Background to the Industrial Revolution.

The term Industrial Revolution was first used by Louis – Auguste Blanqui in 1837 and it was then widely adopted following a series of lectures entitled ‘Industrial Revolution of the 18th Century in England’ by Arnold Toynbee delivered in 1882. The First Industrial Revolution as it is more commonly called spanned the period between the late 18th and early 19th centuries. Many historians cite the period between 1780 and 1830 as the time when Britain witnessed the most rapid industrialisation activity although other historians define other periods. In addition a number of historians have argued that industrialisation occurred much earlier than 1780 and strictly was not a revolution but rather an example of gradual evolution. A number of studies using econometric techniques showed that the slow production rates coupled with low national incomes would indicate that industrial evolution rather than industrial revolution was a more appropriate term to describe the process. Other writers identified that there was a piecemeal development in processes associated with industrial innovation and in organisational structures. Clear evidence now exists that industrialisation was not the exclusive domain/province of Britain but included developments both in Asia and Europe.

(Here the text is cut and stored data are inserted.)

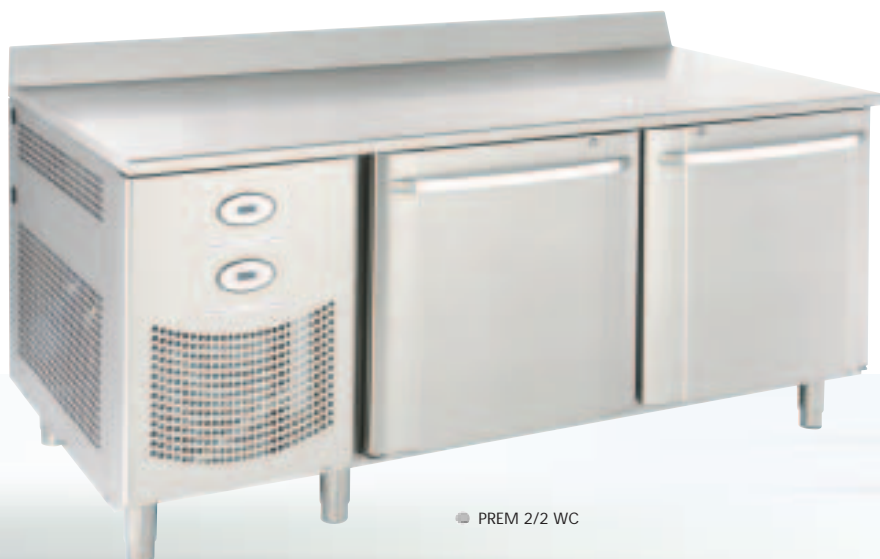
PREM 2/2 WC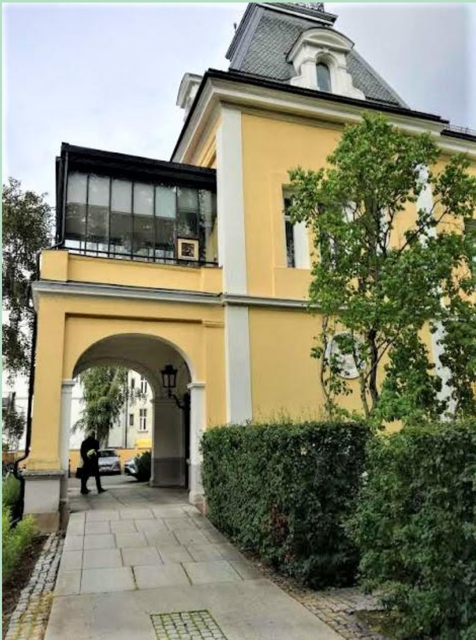
NFFOs kontor i Oslo.

Den faglitterære styrelse deltager i et samarbejde med de øvrige nordiske forfatterforeningers styrelser. Dette samarbejde har eksisteret siden 2003, hvor den første konference blev afholdt i Visby på Gotland.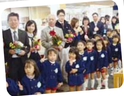
11/22 職場訪問 いつもお仕事ご苦労様です☆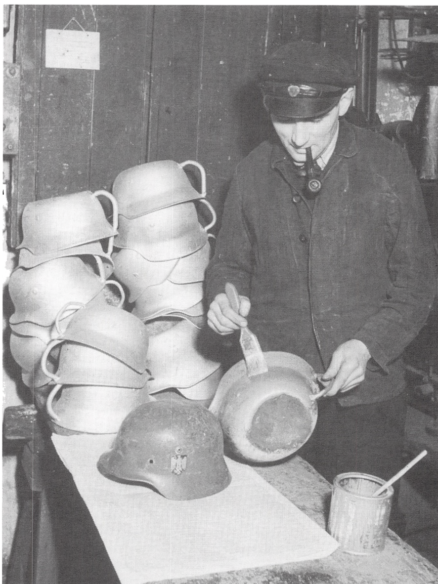
Stålhjelme blev til natpotter.

Flere hundrede personer af alle kategorier var med til at afvikle de tyske efterladenskaber i Kolding og dette blev klaret med et velfortjent »well done«.

There was a great deal of migration of European artisans and professional people into Britain during the 15th/16th/17th centuries bringing their superior skills and technological methods.  There was evidence of exchange and transfer of ideas, skills and technologies between Britain and Europe for many centuries before the first industrial revolution. For example the Dutch made significant contributions to the technologies associated with the drainage system in the Fens in the mid 17th century and later made significant improvements to water mills. Dutch and Flemish refugees played a significant role in creating the foundations of the development of the cotton, silk and other textile trades in England. France also made major contributions to blast furnace technology as did the Germans in improving the smelting and refining of non-ferrous ores. The French were the leaders in science during the 18th century and again made many contributions to the new industries associated with chemicals e.g. dying and bleaching. The exchange was certainly not just one way e.g. Britain helped Belgium and France to modernise much of their industry but most of the transfer of technology and effort from Britain was aimed at the USA. It is interesting to note that a number of Parliamentary Acts during the 19th century prohibited the emigration of workers into mainland Europe as well as placing restrictions on the export of machinery, spare parts, design plans and expertise. These Acts most certainly limited and constrained the exchange of technology and technical knowhow between Britain and the Continent. This aspect again reflects and reinforces the secretive and protectionist nature and practices of British companies, a point that will be picked up and developed later in this chapter.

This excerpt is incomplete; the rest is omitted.